EXTRACTED DATA
┌──
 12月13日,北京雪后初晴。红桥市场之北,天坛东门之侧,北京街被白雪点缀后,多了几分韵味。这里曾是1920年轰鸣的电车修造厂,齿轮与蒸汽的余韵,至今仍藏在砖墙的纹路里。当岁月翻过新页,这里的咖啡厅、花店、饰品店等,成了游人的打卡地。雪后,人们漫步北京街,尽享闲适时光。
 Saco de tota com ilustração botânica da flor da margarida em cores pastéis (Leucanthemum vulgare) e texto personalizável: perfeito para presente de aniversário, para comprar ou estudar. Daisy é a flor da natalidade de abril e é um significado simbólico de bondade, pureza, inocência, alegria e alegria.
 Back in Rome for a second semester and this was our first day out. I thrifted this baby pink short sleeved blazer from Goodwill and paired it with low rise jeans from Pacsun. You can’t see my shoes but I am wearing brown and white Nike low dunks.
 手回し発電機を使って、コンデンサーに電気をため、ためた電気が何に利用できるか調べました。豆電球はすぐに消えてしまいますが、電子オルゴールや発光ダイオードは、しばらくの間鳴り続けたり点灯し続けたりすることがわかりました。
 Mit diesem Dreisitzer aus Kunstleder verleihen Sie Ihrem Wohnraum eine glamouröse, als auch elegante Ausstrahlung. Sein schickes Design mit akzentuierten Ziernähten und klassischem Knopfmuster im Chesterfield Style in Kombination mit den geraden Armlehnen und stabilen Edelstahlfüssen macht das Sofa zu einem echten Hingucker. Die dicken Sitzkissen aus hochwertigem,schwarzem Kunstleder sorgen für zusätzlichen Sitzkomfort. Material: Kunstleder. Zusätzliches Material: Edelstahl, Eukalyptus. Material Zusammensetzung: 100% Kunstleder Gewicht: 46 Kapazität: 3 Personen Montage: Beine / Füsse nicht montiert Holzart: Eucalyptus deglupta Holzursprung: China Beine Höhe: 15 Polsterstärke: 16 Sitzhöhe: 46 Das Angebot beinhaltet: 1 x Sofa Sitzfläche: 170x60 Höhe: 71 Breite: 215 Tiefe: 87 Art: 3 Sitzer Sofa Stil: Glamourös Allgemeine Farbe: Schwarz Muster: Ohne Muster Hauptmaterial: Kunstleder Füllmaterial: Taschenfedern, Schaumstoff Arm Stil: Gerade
└──
┌──
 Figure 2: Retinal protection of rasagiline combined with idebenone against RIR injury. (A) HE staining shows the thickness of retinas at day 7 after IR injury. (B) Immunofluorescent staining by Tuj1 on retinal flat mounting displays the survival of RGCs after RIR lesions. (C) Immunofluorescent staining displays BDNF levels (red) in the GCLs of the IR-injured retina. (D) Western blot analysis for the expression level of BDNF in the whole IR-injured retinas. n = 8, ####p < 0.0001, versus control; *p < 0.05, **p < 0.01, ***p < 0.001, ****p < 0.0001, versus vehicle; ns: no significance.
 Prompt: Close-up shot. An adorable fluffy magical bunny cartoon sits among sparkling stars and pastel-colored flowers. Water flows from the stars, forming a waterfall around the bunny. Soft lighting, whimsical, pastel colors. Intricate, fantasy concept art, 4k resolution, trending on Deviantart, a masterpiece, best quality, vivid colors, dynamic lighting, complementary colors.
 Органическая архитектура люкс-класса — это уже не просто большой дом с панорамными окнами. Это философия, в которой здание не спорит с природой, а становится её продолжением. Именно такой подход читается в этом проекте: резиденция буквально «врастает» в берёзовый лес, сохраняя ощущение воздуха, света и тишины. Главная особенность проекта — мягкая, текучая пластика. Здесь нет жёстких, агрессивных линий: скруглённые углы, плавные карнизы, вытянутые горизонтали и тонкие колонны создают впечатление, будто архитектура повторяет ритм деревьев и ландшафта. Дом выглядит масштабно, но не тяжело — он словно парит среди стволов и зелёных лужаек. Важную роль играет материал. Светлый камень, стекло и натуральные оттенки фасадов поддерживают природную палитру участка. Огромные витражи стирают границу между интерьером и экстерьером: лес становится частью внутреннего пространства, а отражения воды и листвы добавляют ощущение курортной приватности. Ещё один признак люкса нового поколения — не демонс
└──
WHAT YOU HAVE TO DO
Filter the material above down to the lines that hold the word "with".

RESULT FOR THIS TASK
 Back in Rome for a second semester and this was our first day out. I thrifted this baby pink short sleeved blazer from Goodwill and paired it with low rise jeans from Pacsun. You can’t see my shoes but I am wearing brown and white Nike low dunks.
 Figure 2: Retinal protection of rasagiline combined with idebenone against RIR injury. (A) HE staining shows the thickness of retinas at day 7 after IR injury. (B) Immunofluorescent staining by Tuj1 on retinal flat mounting displays the survival of RGCs after RIR lesions. (C) Immunofluorescent staining displays BDNF levels (red) in the GCLs of the IR-injured retina. (D) Western blot analysis for the expression level of BDNF in the whole IR-injured retinas. n = 8, ####p < 0.0001, versus control; *p < 0.05, **p < 0.01, ***p < 0.001, ****p < 0.0001, versus vehicle; ns: no significance.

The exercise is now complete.